I fried some thinly sliced shallots and garlic. Don't make the same mistake as me. Use a big pot. The shallots and garlic hold a lot of moisture which causes the oil to bubble up - or over in my case. I was also thrilled to served it with a bunch of tatsoi for a fresh counterpart to all the assertive spices. I couldn't pass up these guys with their delicately curved, spoon-like leaves. Every meal needs a little green.
Lots of aggressive spices, tempered by the mild white flesh of the Branzino left a little heat in your mouth. Now crack open a few peanut shells to enjoy some freshly, roasted peanuts.
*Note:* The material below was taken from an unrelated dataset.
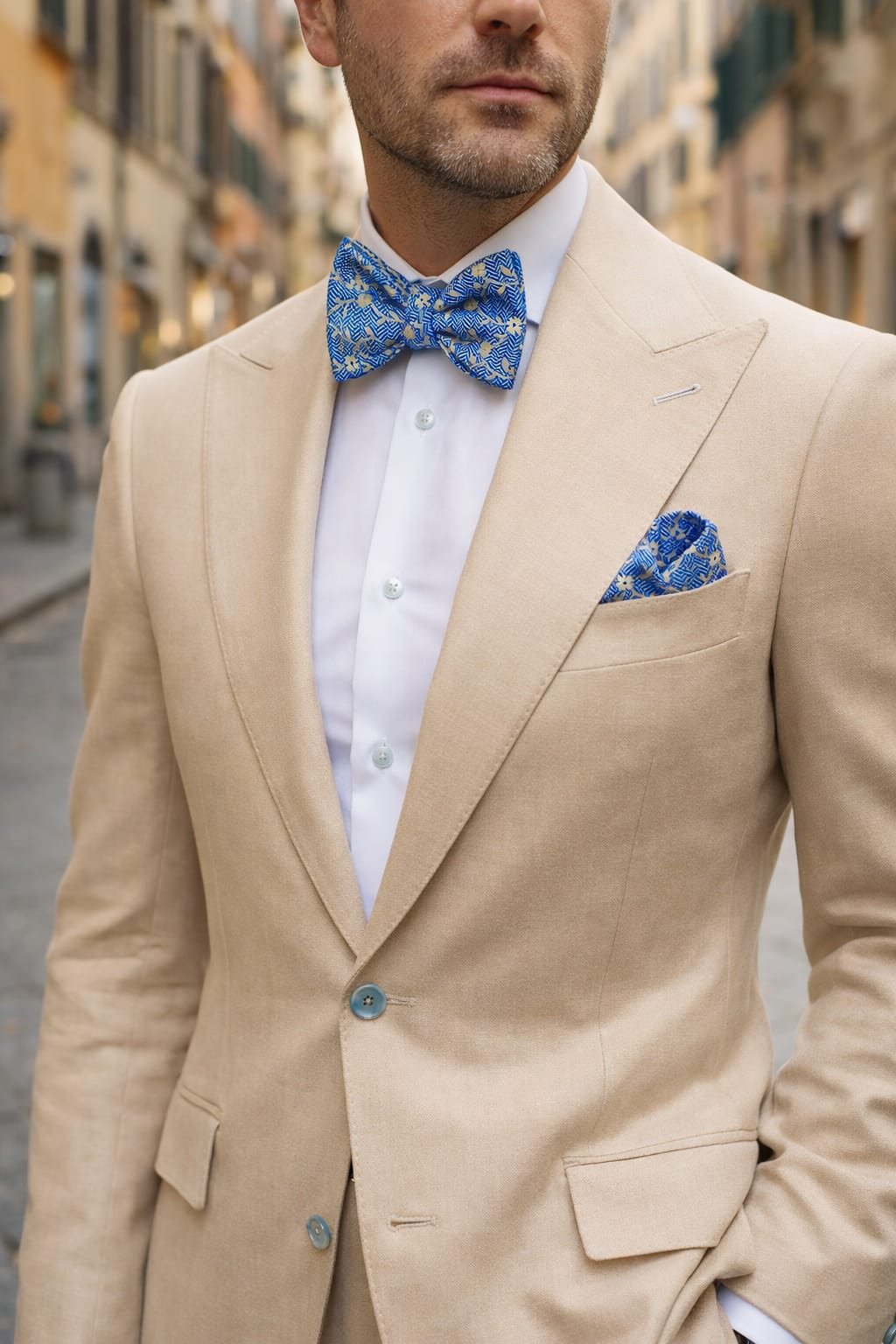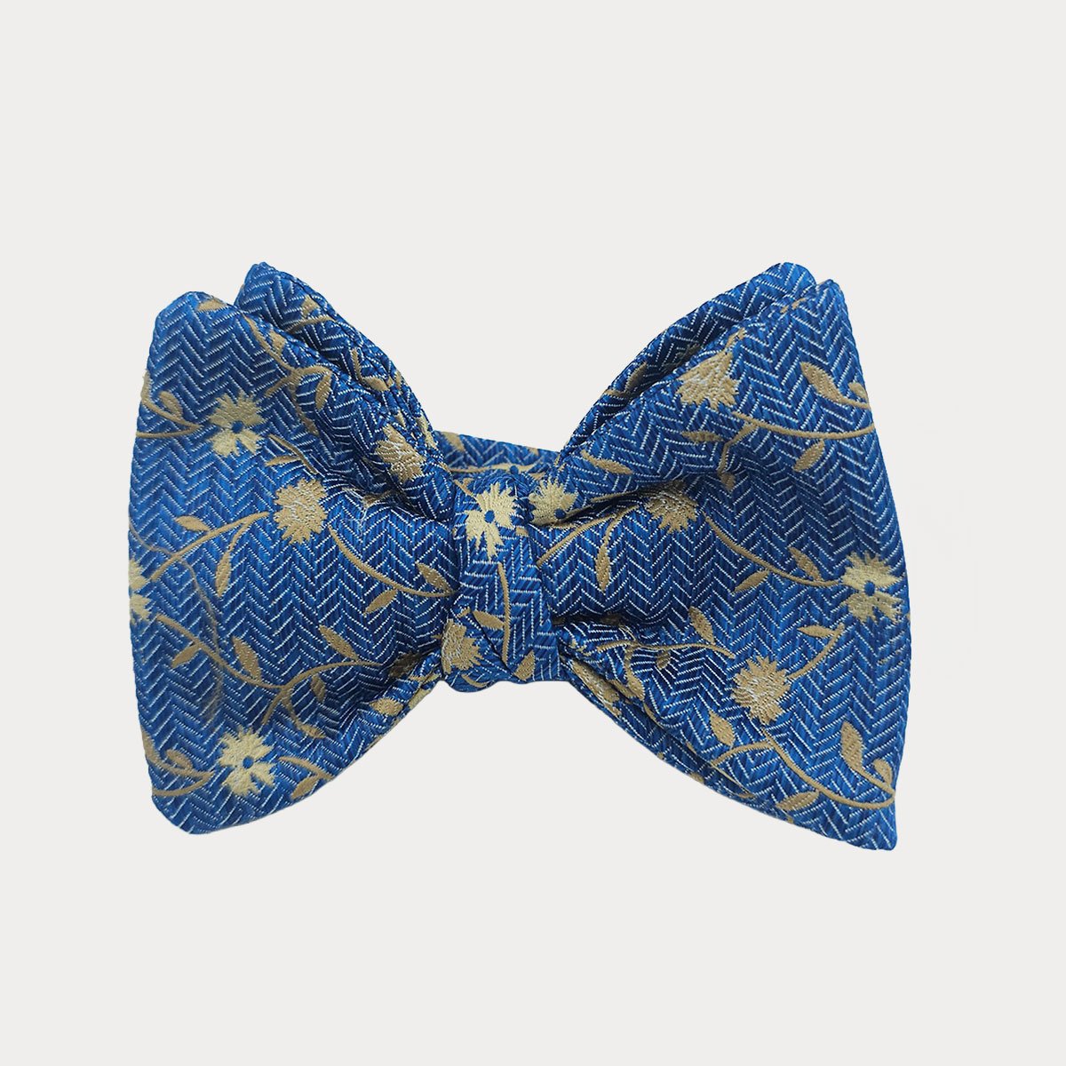 Blue Beige Floral Self Bow Tie Pocket Square Set

Have a bite of tatsoi to refresh your palate. Now repeat as needed.
In order to get to the root of "Los Angeles Cuisine", I recently attended a foodie discussion moderated by the one and only, Pulitzer Prize-winning, food writer Jonathan Gold. An impressive panel was comprised of Michael Cimarusti, Evan Kleinmen and Octavio Bercerra. Perhaps these acclaimed chefs and restaurateurs would be able to enlighten me on the truth of what exactly Los Angeles Cuisine might be because I had honestly never given it a second (or first) thought. Los Angeles - I have spent a bulk of my cooking years here, and therefore, much of my cooking style is shaped by the food culture here. So what is it all about? And how has it affected my cooking? That's what I kept thinking during the discussion. "Come on. Can we get to the point," I thought impatiently to myself. Our complex human brains like things to be nice and simplified. I wanted an XYZ answer but after 90 minutes or so of discussion, I realized that there was no clear cut answer. Los Angeles Cuisine was not one dish or style but rather an amalgamation of our diverse cultural make up and the availability of the freshest produce made possible by the most wonderful climate.
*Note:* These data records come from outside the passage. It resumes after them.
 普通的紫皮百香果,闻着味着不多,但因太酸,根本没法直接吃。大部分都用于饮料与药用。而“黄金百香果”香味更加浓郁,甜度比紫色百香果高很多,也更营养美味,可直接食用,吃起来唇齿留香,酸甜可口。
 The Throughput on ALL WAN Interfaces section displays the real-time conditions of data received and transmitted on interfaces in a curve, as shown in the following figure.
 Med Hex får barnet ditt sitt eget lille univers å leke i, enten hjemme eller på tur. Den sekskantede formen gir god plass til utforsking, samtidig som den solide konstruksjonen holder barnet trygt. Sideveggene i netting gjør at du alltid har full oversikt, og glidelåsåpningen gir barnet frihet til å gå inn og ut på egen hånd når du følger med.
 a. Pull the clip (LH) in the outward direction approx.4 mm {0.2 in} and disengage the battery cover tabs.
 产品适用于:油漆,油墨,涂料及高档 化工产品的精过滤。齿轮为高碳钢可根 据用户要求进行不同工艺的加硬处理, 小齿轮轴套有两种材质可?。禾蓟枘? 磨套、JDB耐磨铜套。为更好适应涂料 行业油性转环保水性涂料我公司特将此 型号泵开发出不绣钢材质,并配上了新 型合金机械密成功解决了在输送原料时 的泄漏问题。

I immediately thought of a dish that I had been working on recently. I had been playing with glutinous rice flour, forming chewy, playful dumplings. almost bubble gum-like. Traditionally these dumplings (aka tangyuan) are a simple mix of glutinous rice flour and water. Cold water yields a smoother dumpling though the dough starts out more crumbly than with warm water. Online research mostly turned up the dessert version filled with red bean and served in a syrup. Not exactly what I had in mind though. I was thinking about the savory version... the kind that I had growing up, served in steaming bowls of chicken broth with daikon radish, napa cabbage and chinese sausage. Maybe mom had made it up. I took the basic concept of the dish and put my own little Los Angeles spin on it. I transformed it into a vegetarian soup filled with grilled king oyster mushrooms, crunchy wood ear mushrooms and zucchini. Instead of plain dumplings, I added some spicy chilies to up the ante. Does that make me so L.A. or what?